Guanidinoacetate methyltransferase (GAMT) deficiency is an autosomal recessive error of creatine synthesis characterized by cerebral creatine deficiency, accumulation of guanidinoacetate, mental retardation, epilepsy and extrapyramidal signs. Patients with GAMT deficiency have an unspecific but relatively constant clinical presentation.

We presented the behavioral and seizure related manifestations of two siblings with GAMT deficiency and compared their clinical phenotype to the related literature. Our patients, an 8-year and 14-year old boys with GAMT deficiency, presented mental retardation, epilepsy and autistic behaviour. Diagnosis was done by brain magnetic resonance spectroscopy, biochemical and genetic procedures (guanidinoacetate quantification, determination of GAMT activity and mutation analysis in the GAMT gene). GAMT gene was analyzed by DNA sequence analysis: the homozygous c.326A>G mutation was detected. This mutation is predicted to result in a missense mutation (one amino acid replacement) or in erroneous splicing. The mutation was not detected before in any other patient with GAMT deficiency or in 13000 other controls.
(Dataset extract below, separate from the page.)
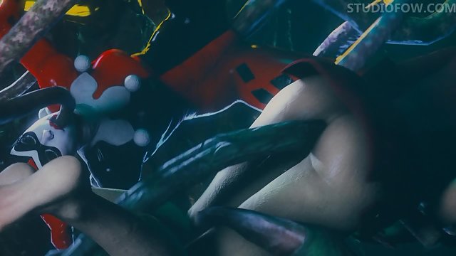 Alien monster's tentacles fuck Harley Quinn and Poison Ivy in 3D cartoon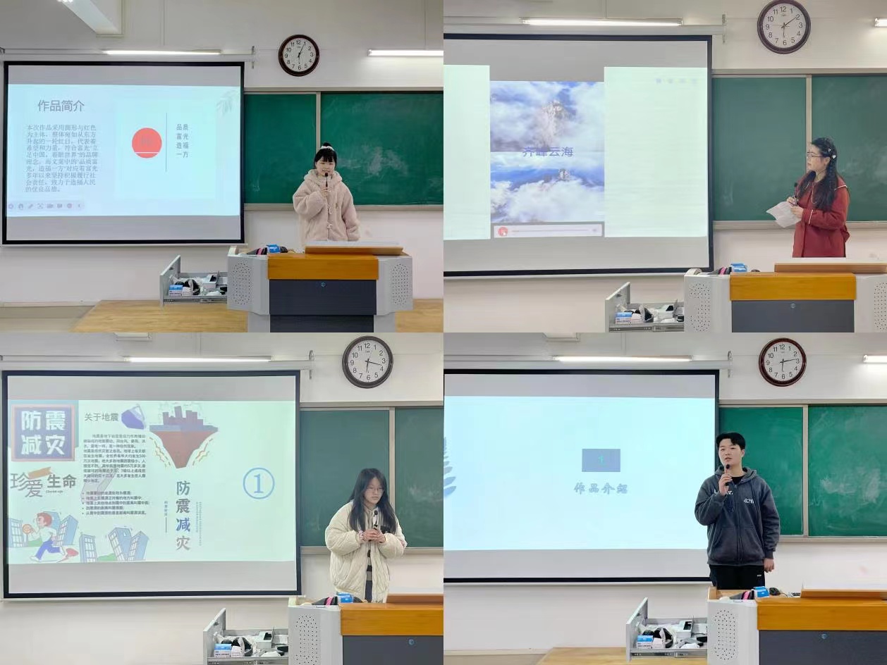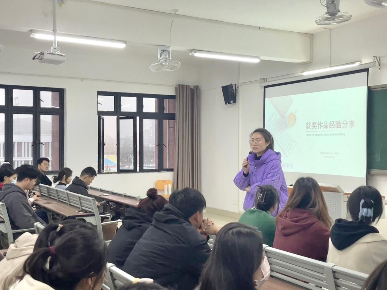 会上,四位在省级比赛中获奖的同学分别分享自己的参赛经验。21级应数3班刘婉莹和21级汉文3班郭静薇各自分享了在“安徽省第二届大学生质量文化与品牌创意设计大赛”中获奖的经验,并向同学们介绍了品牌设计的构思、方案撰写和创作方法;21级汉文5班吴宇分享了自己在“安徽省第二届大学生质量文化与品牌创意设计大赛”中获奖作品的灵感来源;21级英语二班淑娴通过展示自己在“安徽省第四届防震减灾科普作品征集大赛”中的获奖作品,介绍了自己的创作思路并推荐了制作软件。最后,由社会实践部部长陈娴雅介绍各类省级赛事的参赛时间节点和各项具体流程,为同学们报名参加比赛提供了信息渠道。

GAMT deficiency is treatable; therefore, its early diagnosis might be critical, to prevent irreversible brain damage. It must be considered in the differential diagnosis of the broad range of unexplained neuropsychiatric disorders  with epilepsy in children and it can be ruled out/detected by using brain magnetic resonance spectroscopy and/or by guanidinoacetate and creatine measurements in body fluids.